INSERT INTO testing.vanilla_mergetree SELECT ID % 10, PART % 10 FROM generateRandom('ID UInt16, PART UInt16') LIMIT 100000000 Query id: 4403a800-abf1-4b31-8916-ca09be249b8f Ok. 0 rows in set. Elapsed: 1.657 sec. Processed 100.66 million rows, 402.64 MB (60.75 million rows/s., 243.00 MB/s.)
Count the number of rows in the table. Since it is a vanilla MergeTree, the rows will not be deduplicated based on the primary key like in ReplacingMergetree.
SELECT COUNT() FROM testing.vanilla_mergetree Query id: 2b3048b3-1437-4ea4-b3d5-71db55fcacca ┌───count()─┐ │ 100000000 │ └───────────┘ 1 row in set. Elapsed: 0.003 sec.
Run the optimize statement with DEDUPLICATE clause.
OPTIMIZE TABLE testing.vanilla_mergetree DEDUPLICATE BY ID Query id: 099882ad-0731-48e3-91b1-b2a47fa2d211 Ok. 0 rows in set. Elapsed: 0.297 sec.
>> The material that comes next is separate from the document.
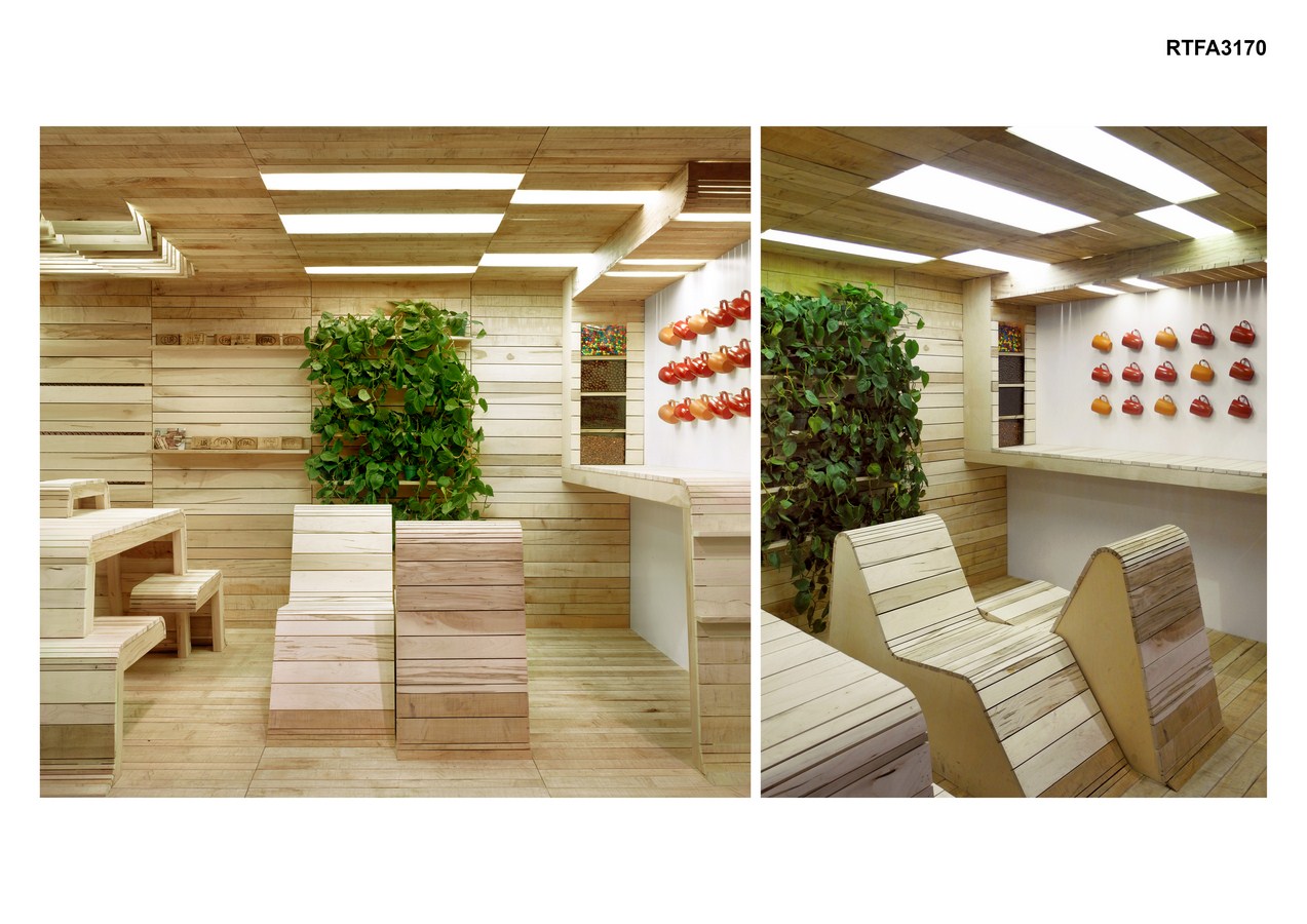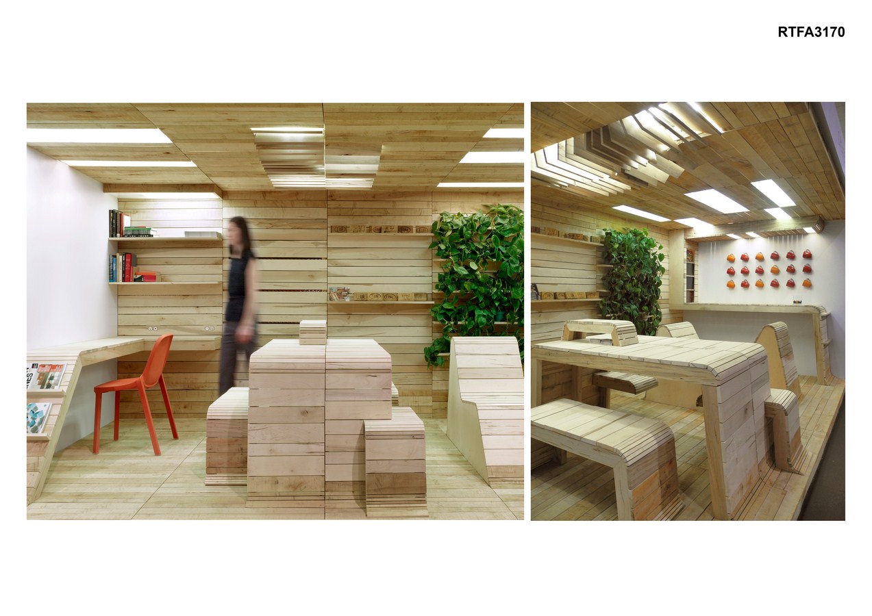 Despite the ease of assembly and use of a reclaimed material, attention to detail is not overlooked. In sinuous forms, the reclaimed wood boards morph from the wall and floor into furniture elements, sanded smooth where the human body comes in contact with the wood and left rough where it does not. Modular shelves can be inserted into slots between wall boards, creating adjustable display and storage areas. Smaller ledges slide into gaps between the wood slats. Greenery fills the shelves on the back wall in the lounge module to provide a fresh and calming atmosphere. Over the collaborative workspace, ceiling boards pivot open creating an adjustable light fixture. Once the modules are assembled, the power points are connected (outlets and light fixtures) and when are plugged into a generator, the POP-UP Office is immediately operational.

Verify the number of rows in the table after removing duplicates. Wait for a couple of minutes (or more depending on the hardware).
SELECT COUNT() FROM testing.vanilla_mergetree Query id: 7f3b2093-735e-405a-aa7e-c815cc8de02f ┌─count()─┐ │ 10 │ └─────────┘ 1 row in set. Elapsed: 0.003 sec.
SELECT * FROM testing.vanilla_mergetree Query id: 59e8a783-d1c8-43b9-b1f5-7880f1474185 ┌─ID─┬─PART─┐ │ 0 │ 8 │ │ 1 │ 7 │ │ 2 │ 4 │ │ 3 │ 1 │ │ 4 │ 8 │ │ 5 │ 5 │ │ 6 │ 6 │ │ 7 │ 0 │ │ 8 │ 8 │ │ 9 │ 5 │ └────┴──────┘ 10 rows in set. Elapsed: 0.003 sec.
Summary
We have seen the usage of OPTIMIZE statement in ClickHouse. We have also seen the variants and options in the OPTIMIZE statement.